In general, the rule of 72 holds up pretty well except for the high interest rates:

Validity of the Rule of 72

While the Rule of 69.3 always underestimates the actual time to double, the rule of 72 tends to overestimate the time to double for low interest rates and underestimates it otherwise:

Underestimation Percentage Error

If you are curious, the rule of 72 matches the without-approximation calculation at an interest rate of around 7.85%. Incidentally, in the range of practically occuring interest rates (between 2% and 10%), the rule of 72 is more precise than the rule of 69.3!

Doubling in 2 time periods

Thankfully, high interest rates do not occur too frequently practice. However, a very useful special case to know is the half life of doubling. Consider an investment that is set to double in k years, it will grow by ++\sqrt{2}++ in the first ++\frac{k}{2}++ years, and another ++\sqrt{2}++ in the next ++\frac{k}{2}++ years - i.e, by 41.4% in each ++\frac{k}{2}++ period.

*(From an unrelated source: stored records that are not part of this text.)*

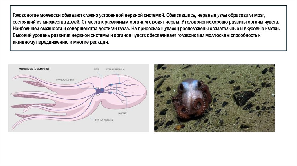 Головоногие моллюски обладают сложно устроенной нервной системой. Сблизившись, нервные узлы образовали мозг,состоящий из множества долей. От мозга к различным органам отходят нервы. У головоногих хорошо развиты органы чувств.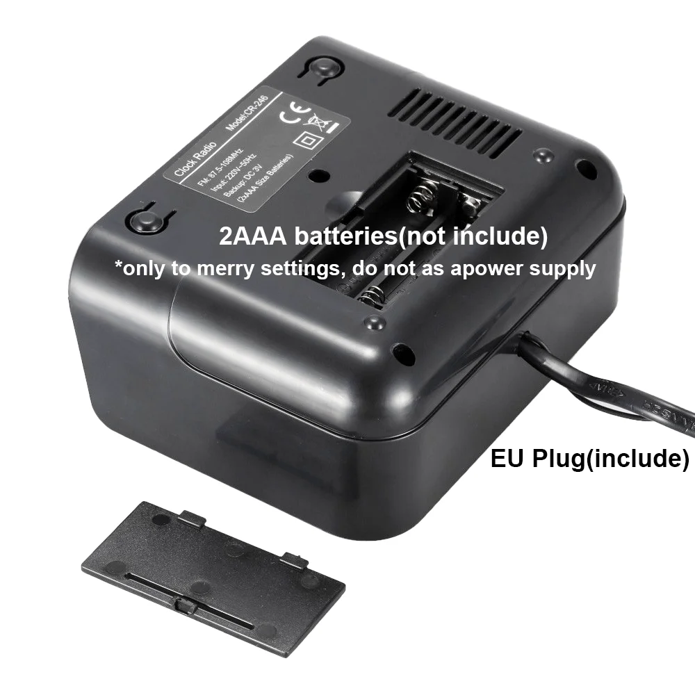 Штепсельная Вилка европейского стандарта обеспечивает рабочую мощность часов. 2 батарейки AAA не обеспечивают питание часов и используются только для запоминания настроек в случае сбоя питания.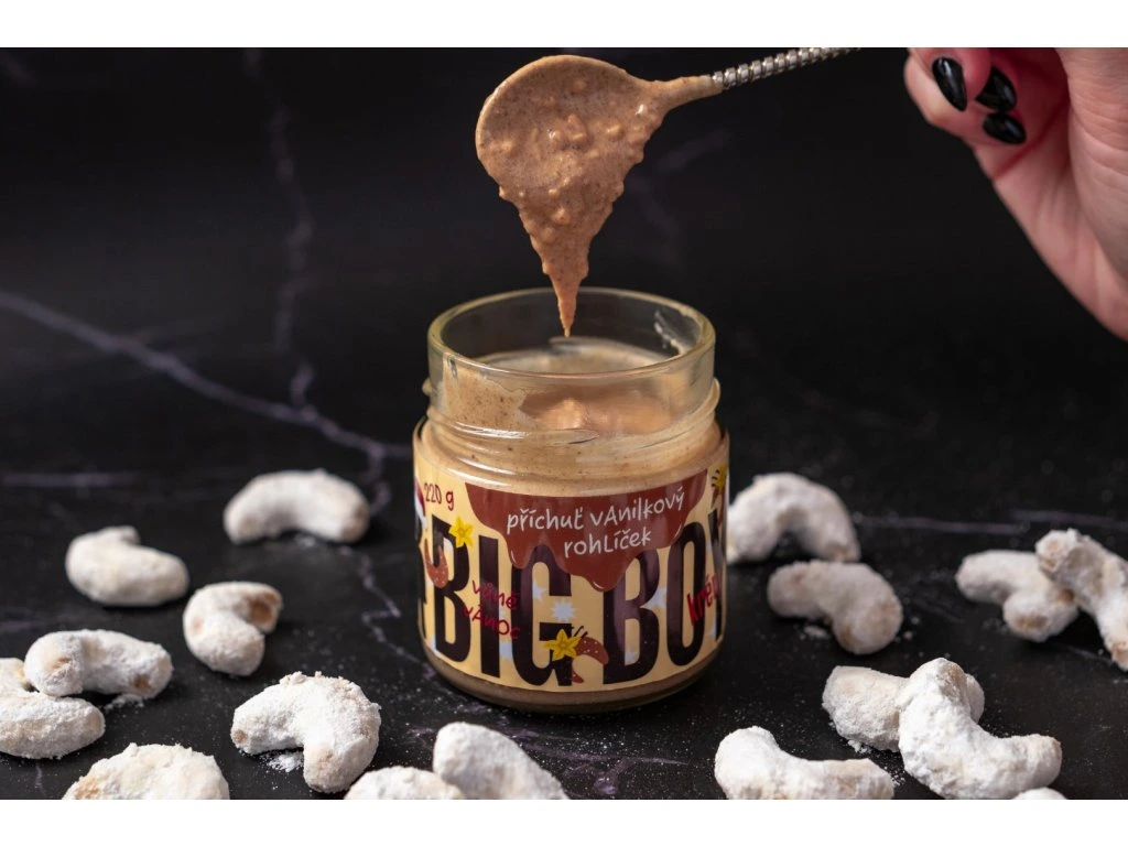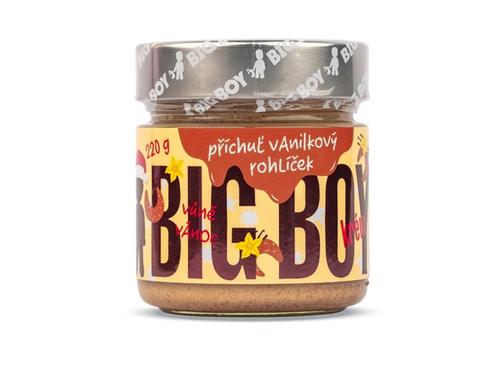Když se tě zeptáme, co je tvoje nejoblíbenější vánoční cukroví, bez přemýšlení vystřelíš odpověď ‚No přece vanilkové rohlíčky!‘? Pak se připrav na skutečnou vánoční nostalgii a sváteční náladu, kterou ti vykouzlí letošní vánoční novinka od BIG BOYe. Stejně jako vloni Vaječňák, krémová dobrota jménem Vanilkový rohlíček má aspirace na trhání rekordů. Počkej, až ji ochutnáš! Použití: Určeno k přímé spotřebě. Případná separace oleje na povrchu není na závadu, jedná se o přirozený jev. Před konzumací promíchejte. Tabulka nutričních hodnot: 100 g Energetická hodnota 2417 kJ/582 kcal Tuky 42 g - z toho nasycené mastné kyseliny 10 g Sacharidy 36 g - z toho cukry 30 g Vláknina 4 g Bílkoviny 14 g Sůl 0,06 g Složení: Arašídy pražené 21,7 %, vlašské ořechy mleté 19 %, cukr třtinový, lískové ořechy mleté, přepuštěné máslo ghí, mléko sušené odstředěné, kokosový cukr, přírodní vanilkové aroma 1,9 %. Může obsahovat stopy ostatních skořápkových plodů. Upozornění:Uchovávejte při teplotě do 25 °C, v suchu a nevystavujte přímému slunečnímu záření. Po otevření spotřebujte do dvou měsíců.Dodatočné parametre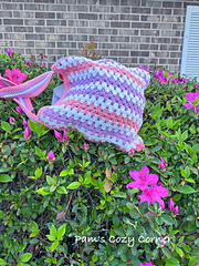 The bag is made with Lily Sugar’n Cream cotton yarn in three colors, which creates a sturdy and durable fabric that holds its shape well. The color changes highlight the granny stitch pattern and add a cheerful handmade touch.

A similar formula holds with thirds of a doubling period and ++\sqrt[3]{2}++.

Knowledge of 41% as the doubling rate would have allowed us to better appromixate the solution to Example 1 as $400,000 * 1.41 = $564,000, a number that is even closer to the actual answer of $574,000.


  1. The astute reader will realize that we are making yet another approximation here. We ideally want ++\frac{25.00}{1.06}++ - instead we settle with ++25.00 * (1 - 0.06)++ since ++\frac{1}{1+x}++ roughly equals ++1 - x++ for small values of x.